Halfway Brook Village in Lumberland hosted quite a number of teachers in the 1860s–1870s, as Libby Kyte mentioned. Edith Emogene or Emma Austin, as she was called, had attended school in New York City, and stayed with her Austin relatives. Emma seems to have also attended Monticello Academy, as Libby Kyte had done.
In early 1868 Emma, age sixteen, wrote to Abby Smith, in Glastonbury, Connecticut for advice on a place to teach. Abby and her four sisters (all well-educated) were second cousins to Emma’s mother, Mary Ann Austin. (In the 1870s Abby and her sister Julia wrote letters and spoke at suffrage meetings, advocating property and voting rights for women.)
January 31, 1868
Dear Cousin, I have just received your letter and to show how much interest I still take in your mother, I have seated myself, immediately to answer it.
You say you would like a situation to teach next summer; and I think it would be very improving for you. But we are now so advanced (ages eighty-one, seventy-six, and seventy-one), that we have not felt that interest in the schools that we used to years ago, and I should not know where to apply.
Had we descendants or near relatives, we should have retained it longer and known much more about them. As it is I am unacquainted with any of the instructors…Yours with much affection,
Abby H. Smith
—Abby, Laurilla, and Mary Ann, p. 194.
November 9, 1868, Monticello
I have just finished eating, so for the third time, I’ll try to write. I expect the school bell to ring any moment, but will write till it does ring. This is the third day I have passed at school.

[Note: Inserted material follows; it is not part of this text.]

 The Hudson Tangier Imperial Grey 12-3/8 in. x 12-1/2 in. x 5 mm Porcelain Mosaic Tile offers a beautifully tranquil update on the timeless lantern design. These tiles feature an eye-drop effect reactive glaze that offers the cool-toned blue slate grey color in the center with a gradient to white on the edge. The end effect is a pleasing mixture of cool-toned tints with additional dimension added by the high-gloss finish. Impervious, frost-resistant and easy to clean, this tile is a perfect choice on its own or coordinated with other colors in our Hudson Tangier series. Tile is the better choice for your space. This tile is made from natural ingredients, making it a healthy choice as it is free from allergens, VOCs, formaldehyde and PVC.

I enjoy it as well as can be expected. I have not got classed much, yet, but think after I get better classed and acquainted, I shall like it first rate. There are 14 boarders here now, all but 3 or 4 are scholars. There are but 2 lodge boarders besides us.

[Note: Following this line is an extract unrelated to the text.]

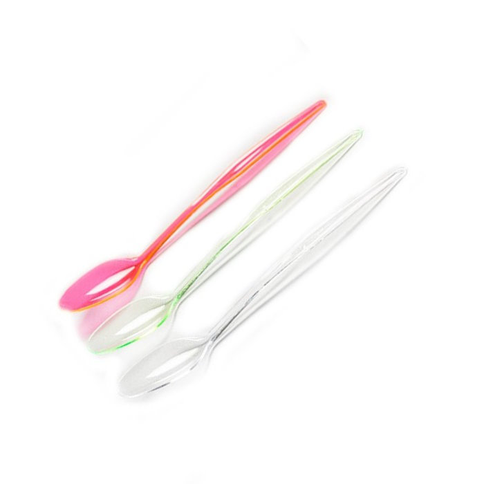 Коктейльна ложка кольорова довжиною 178 мм виготовлена з харчового прозорого полістиролу високої міцності, що гарантує безпечний контакт із напоями. Тонка, але міцна ніжка забезпечує комфортне перемішування та подрібнення інгредієнтів у високих келихах, а округла ложечка оптимального розміру дозволяє подавати фрукти, ягоди та декоративні елементи. Прозорий дизайн додає елегантності і не порушує візуальної композиції напою, гармонійно поєднуючись з будь‑яким посудом. Ложки щільно складаються стопкою, що спрощує зберігання та транспортування, а після використання їх можна утилізувати без додаткового миття, забезпечуючи швидке й гігієнічне прибирання. Ідеальні для барів, кав’ярень, кейтерингу та домашніх вечірок із коктейльною картою. Виріб виготовлений відповідно до вимог ДСТУ з дотриманням усіх стандартів якості та повністю відповідає санітарно‑гігієнічним нормам для контакту з харчовими продуктами.

It is nearly 8 o’clock in the evening, so I will again endeavor to write. I have had more fun today than I have before since I have been here…
So good bye from your dear friend Alice. Don’t forget me.
—The Mill on Halfway Brook, p. 140.
1868 Halfway Brook Village, Lumberland
In the fall of 1868, Emma, now age seventeen, seems to have attended school in Lumberland. There was a new school teacher!